Numa extensa reportagem publicada pela ‘Gazzetta dello Sport’, o jornal italiano sublinha que Ruben Amorim, Gonçalo Ramos e Diego Moreira têm um passado comum nas camadas jovens dos encarnados, sendo apenas alguns dos muitos jogadores que passaram pelo centro de formação benfiquista e atingiram o mais alto nível.

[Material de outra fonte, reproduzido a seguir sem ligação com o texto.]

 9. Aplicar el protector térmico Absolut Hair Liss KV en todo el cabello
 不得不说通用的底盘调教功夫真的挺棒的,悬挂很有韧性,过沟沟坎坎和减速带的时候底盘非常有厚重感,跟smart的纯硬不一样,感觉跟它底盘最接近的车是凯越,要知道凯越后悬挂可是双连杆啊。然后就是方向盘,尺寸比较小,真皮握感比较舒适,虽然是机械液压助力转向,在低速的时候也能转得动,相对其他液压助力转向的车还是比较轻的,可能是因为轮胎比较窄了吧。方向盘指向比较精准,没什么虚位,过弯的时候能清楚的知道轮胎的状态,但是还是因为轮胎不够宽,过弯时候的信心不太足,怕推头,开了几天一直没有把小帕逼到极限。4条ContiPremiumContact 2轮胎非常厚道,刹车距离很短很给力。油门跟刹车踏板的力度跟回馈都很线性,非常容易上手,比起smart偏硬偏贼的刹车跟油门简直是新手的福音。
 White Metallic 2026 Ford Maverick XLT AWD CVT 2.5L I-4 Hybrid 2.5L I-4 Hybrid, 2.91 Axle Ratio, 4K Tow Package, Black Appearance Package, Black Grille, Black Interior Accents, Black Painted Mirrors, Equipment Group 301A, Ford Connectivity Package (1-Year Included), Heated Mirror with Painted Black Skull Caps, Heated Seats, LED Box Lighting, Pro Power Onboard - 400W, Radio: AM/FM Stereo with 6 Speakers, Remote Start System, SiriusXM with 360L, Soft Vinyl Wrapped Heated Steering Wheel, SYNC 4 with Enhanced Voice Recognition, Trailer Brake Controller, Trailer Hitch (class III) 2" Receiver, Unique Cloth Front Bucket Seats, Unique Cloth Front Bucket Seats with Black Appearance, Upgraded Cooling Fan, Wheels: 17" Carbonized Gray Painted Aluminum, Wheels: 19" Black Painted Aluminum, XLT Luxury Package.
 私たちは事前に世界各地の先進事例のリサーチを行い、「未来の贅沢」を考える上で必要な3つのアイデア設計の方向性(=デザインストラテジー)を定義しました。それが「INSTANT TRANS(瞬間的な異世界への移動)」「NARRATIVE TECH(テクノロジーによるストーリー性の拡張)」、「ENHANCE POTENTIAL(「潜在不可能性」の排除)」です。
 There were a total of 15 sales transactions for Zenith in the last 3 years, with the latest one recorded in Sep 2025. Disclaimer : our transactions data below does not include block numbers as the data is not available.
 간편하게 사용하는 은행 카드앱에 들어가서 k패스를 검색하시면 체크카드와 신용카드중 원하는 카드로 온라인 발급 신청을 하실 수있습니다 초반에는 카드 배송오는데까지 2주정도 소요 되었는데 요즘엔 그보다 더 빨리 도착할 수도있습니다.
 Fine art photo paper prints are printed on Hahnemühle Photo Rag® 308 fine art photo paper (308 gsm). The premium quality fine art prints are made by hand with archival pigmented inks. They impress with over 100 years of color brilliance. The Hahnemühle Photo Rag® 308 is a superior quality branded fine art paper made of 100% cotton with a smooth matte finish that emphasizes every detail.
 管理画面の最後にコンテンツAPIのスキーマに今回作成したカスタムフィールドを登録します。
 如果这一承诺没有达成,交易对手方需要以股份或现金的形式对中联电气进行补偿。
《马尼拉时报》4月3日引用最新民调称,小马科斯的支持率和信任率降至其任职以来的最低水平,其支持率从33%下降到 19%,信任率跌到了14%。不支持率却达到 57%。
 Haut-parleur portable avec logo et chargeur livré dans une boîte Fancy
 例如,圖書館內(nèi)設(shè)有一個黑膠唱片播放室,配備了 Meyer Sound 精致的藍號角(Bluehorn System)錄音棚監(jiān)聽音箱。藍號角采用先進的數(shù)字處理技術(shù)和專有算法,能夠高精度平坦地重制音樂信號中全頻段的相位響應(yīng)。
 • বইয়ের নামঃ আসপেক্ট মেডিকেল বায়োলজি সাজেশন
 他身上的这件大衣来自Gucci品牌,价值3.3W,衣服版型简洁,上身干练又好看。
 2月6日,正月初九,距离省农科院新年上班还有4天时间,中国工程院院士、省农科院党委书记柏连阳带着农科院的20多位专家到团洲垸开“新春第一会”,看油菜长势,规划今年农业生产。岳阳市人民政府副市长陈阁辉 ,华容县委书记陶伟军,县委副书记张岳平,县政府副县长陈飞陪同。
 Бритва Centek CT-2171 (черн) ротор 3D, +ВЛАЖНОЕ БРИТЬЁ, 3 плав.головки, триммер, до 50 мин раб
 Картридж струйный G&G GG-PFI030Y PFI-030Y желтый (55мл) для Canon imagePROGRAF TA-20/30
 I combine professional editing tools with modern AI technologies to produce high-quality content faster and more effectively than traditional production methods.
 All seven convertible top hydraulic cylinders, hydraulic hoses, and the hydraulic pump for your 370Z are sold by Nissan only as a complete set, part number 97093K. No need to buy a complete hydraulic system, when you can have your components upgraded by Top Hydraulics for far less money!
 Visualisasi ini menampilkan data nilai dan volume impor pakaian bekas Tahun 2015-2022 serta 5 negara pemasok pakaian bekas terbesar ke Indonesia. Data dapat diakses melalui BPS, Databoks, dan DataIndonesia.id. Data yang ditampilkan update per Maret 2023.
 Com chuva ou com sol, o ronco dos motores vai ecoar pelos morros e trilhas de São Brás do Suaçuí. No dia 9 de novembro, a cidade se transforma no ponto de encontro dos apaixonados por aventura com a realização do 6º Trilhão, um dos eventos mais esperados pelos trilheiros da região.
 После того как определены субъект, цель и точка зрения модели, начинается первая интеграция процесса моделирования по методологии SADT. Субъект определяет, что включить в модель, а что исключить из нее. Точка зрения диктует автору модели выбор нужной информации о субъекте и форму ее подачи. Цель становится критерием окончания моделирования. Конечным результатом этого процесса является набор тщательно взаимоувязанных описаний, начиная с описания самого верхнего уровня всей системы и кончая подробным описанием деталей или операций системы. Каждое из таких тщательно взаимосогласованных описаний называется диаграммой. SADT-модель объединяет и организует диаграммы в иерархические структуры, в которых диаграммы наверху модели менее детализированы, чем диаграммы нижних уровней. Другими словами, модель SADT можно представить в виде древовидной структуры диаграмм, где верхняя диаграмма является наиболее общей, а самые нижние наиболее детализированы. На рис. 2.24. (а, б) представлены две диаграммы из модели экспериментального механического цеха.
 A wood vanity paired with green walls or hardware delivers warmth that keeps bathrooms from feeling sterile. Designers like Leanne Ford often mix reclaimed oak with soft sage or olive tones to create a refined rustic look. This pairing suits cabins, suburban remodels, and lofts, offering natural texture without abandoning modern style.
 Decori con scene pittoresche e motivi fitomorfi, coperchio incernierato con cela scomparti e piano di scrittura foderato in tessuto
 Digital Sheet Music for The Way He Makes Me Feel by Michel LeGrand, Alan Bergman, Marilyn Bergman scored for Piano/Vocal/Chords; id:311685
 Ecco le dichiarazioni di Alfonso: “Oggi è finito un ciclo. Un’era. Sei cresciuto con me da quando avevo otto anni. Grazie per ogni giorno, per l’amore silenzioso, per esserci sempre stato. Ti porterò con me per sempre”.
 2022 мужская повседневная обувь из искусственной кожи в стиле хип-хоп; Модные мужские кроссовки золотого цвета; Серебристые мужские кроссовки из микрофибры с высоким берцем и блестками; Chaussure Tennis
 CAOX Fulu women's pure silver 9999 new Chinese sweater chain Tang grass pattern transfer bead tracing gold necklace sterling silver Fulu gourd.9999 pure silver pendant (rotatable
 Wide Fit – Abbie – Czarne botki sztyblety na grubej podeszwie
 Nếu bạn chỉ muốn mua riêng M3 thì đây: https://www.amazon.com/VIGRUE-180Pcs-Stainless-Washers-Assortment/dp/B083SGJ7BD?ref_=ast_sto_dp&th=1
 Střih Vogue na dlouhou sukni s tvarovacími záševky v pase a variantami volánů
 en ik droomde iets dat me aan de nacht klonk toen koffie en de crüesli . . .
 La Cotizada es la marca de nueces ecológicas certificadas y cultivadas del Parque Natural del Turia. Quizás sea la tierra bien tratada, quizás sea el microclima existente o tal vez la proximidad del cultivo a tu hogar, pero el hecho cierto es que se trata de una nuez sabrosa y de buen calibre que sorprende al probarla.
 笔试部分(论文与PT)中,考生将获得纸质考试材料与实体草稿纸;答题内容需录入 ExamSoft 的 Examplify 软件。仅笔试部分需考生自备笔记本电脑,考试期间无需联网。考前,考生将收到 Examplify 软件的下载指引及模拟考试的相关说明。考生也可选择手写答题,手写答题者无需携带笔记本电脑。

O Campus é apontado como um dos mais modernos centros de treino da Europa, detalhando o facto de dispor de nove campos, três dos quais de relva sintética, além de um edifício dedicado à formação com 86 quartos, ginásios, auditórios, piscinas e outras valências para o desenvolvimento dos jovens atletas.
A publicação recorda ainda os elevados encaixes financeiros obtidos pelo Benfica nos últimos anos com jogadores formados no clube. João Félix continua a liderar a lista, após a transferência para o Atlético de Madrid por 126 milhões de euros. Seguem-se Rúben Dias (71 M€ para o Manchester City), João Neves (66 M€ para o PSG), Gonçalo Ramos (65 M€ acrescidos de bónus), Victor Lindelöf (35 M€ para o Manchester United), Renato Sanches (35 M€ para o Bayern Munique), Bernardo Silva (15,7 M€ para o Monaco) e João Cancelo (15 M€ para o Valência).
Também Tomás Araújo mereceu destaque. O internacional português, que conquistou a Youth League em 2021/22, descreveu a chegada à equipa principal como "a concretização de um sonho", salientando a importância da componente humana na formação proporcionada pelo Benfica.
A reportagem inclui ainda uma entrevista com Guilherme Müller, responsável pelo desenvolvimento da formação encarnada, que revelou alguns dos princípios do modelo implementado por Rui Costa. Segundo o dirigente, apesar do Benfica já ter gerado mais de 600 milhões de euros em transferências de jogadores oriundos da formação na última década, o objetivo principal nunca foi esse.
"A nossa missão não é vender jogadores, mas desenvolvê-los para chegarem à equipa principal", explicou Müller, que identificou dois pilares fundamentais do projeto: a infraestrutura, representada pelo Benfica Campus e pelos centros de formação espalhados pelo país, e o capital humano, assente numa metodologia comum denominada "Formar à Benfica".
O responsável destacou ainda a importância de avaliar o potencial dos jovens e não apenas o rendimento imediato, realçando o acompanhamento psicológico disponibilizado pelo clube para ajudar atletas e famílias a gerir expectativas.
Com cerca de 600 jovens inseridos no programa competitivo, o objetivo mantém-se inalterado: promover pelo menos dois jogadores por época à equipa principal. Uma meta que ajuda a explicar porque continua o Seixal a ser visto como uma das maiores fábricas de talento do futebol europeu.